We began by benchmarking regioselectivity models using different physicochemical descriptors (including steric, electronic and local environment encoding, details in Figure 2b,c and in SI Section III.2) and ML models. Random forest (RF) proved to be best performing model (see SI Section IV.3). The performance of regioselectivity models is often evaluated using n-fold cross-validation or validation on an expert-designed out-of-sample set. In this context, Nippa et al., elegantly used high-throughput experimentation to validate and enhance a model trained on literature-reported radical borylation reactions.11 Unsurprisingly, they report that regioselectivity predictions are optimal for substrates similar to those in the training set and a drop in accuracy for more distinct molecules. This common type of distribution shift between the training and test sets is particularly problematic in the context of complex molecule synthesis (See SI Section VI for detailed comparison of training and test distributions); structurally complex intermediates proposed for the final steps of a multistep synthesis are inherently “out-of-sample” because they often have never previously been synthesized.43 The performance of our C–H oxidation model was evaluated by both a leave-one-out (LOO) task and a validation task on complex molecules. The latter was designed specifically to understand how our models performed on the targets of interest while trained on simpler, readily available substrates. The training set contains all molecules with less than 15 carbons (135 molecules) and the test set contains the complex molecules (50 molecules with more than 15 carbons). The complex molecule data set consists of 7 di- and tripeptides, 3 taxol derivatives, 3 macrocycles, 22 steroids, and 15 miscellaneous (structures are in SI Section II.5).
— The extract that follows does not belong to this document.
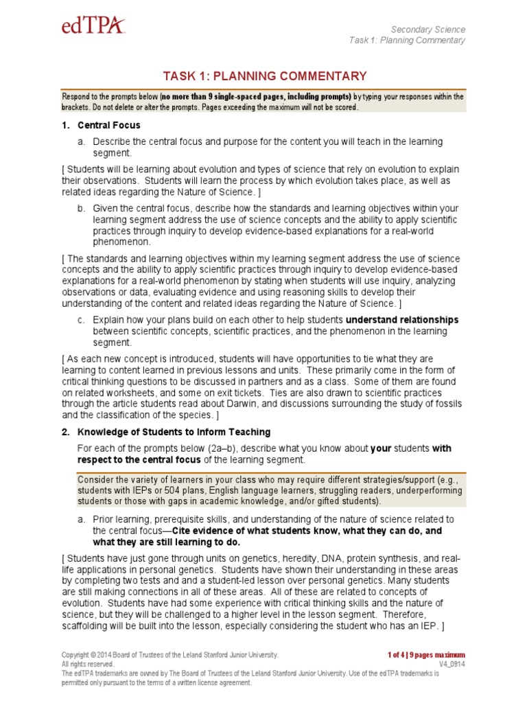 Acquiring a complete understanding of the evidence that you need to submit in tasks 2 and 3 will help guide you as you plan the learning segment for planning task 1. Instruction commentary respond to the prompts below no more than 6 single spaced pages including prompts by typing your responses within the.

To put our results in context, a baseline was designed according to empirical rules-of-thumb on the reactivity of C(sp3)–H sites which decreases in the following order: benzylic, tertiary, secondary, and primary (see SI Section IV.2 for details). Our models significantly outperform this rule-based baseline on the LOO task (∼80% top-1 accuracy for the best performing models versus 38% for the baseline detailed in Figure 2c) and when predicting on large molecules (∼50% top-1 accuracy versus 12% top-1 for the baseline). As expected, we observe that predictive performances on the more complex targets are significantly lower than when the models are evaluated as leave-one-out (performances drop from 80% top-1 to 50% Figure 2c). Analysis of the different molecules in the complex target data set reveals that the models achieve good performance on the so-called miscellaneous molecules (13/15 correct top-1) including a large proportion of benzylic positions. Peptides are also well predicted, most likely due to the small number of tertiary C–H sites compared to primary and secondary present in these molecules, though the differentiation between equivalent isopropyl groups is challenging (4/7 correct top-1 and the rest top-2). The models also perform well on the complex macrocycles and most of the steroids. A closer look at the steroids shows that the configuration at C5 plays an important role in the reactivity that the model struggles to grasp (Figure 2d). Seven out of the 11 steroids having a C–H configuration are predicted correctly, while the reactive site of the 5β-steroids is never ranked better than top-4. Challenges in distinguishing the reactivity of different ring fusion C–H sites might stem from the model’s failure to capture strain release during oxidation, which has been shown to play a crucial role in determining the selectivity of dioxirane-mediated oxidations.44 We also found that the C1 position in the taxol derivatives was difficult to identify for the model (Figure 2d). This is likely because our model does not differentiate between hydrogen isotopes. It was shown that the deuteration of the C2 position was crucial to mitigate its oxidation and obtain C1 oxidation as a major product.45 Even though silyl-ethers and alkenes are both absent from our training set, the reactivity predicted at the C13 position seems reasonable as it has been observed by Baran and co-workers in similar substrates.45

We hypothesized that difficulty in predicting the correct site selectivity for some of the complex targets comes from an under-representation of the C–H bonds of the complex molecules in our training set. Whereas the usual solution to this issue would be to augment the size of the data set, conducting an extensive number of reactions to cover the whole complex molecule space is cost-prohibitive and has little guarantee of being efficient. Thus, the development of an algorithmic approach for selecting the most informative data set for each individual target is highly desirable.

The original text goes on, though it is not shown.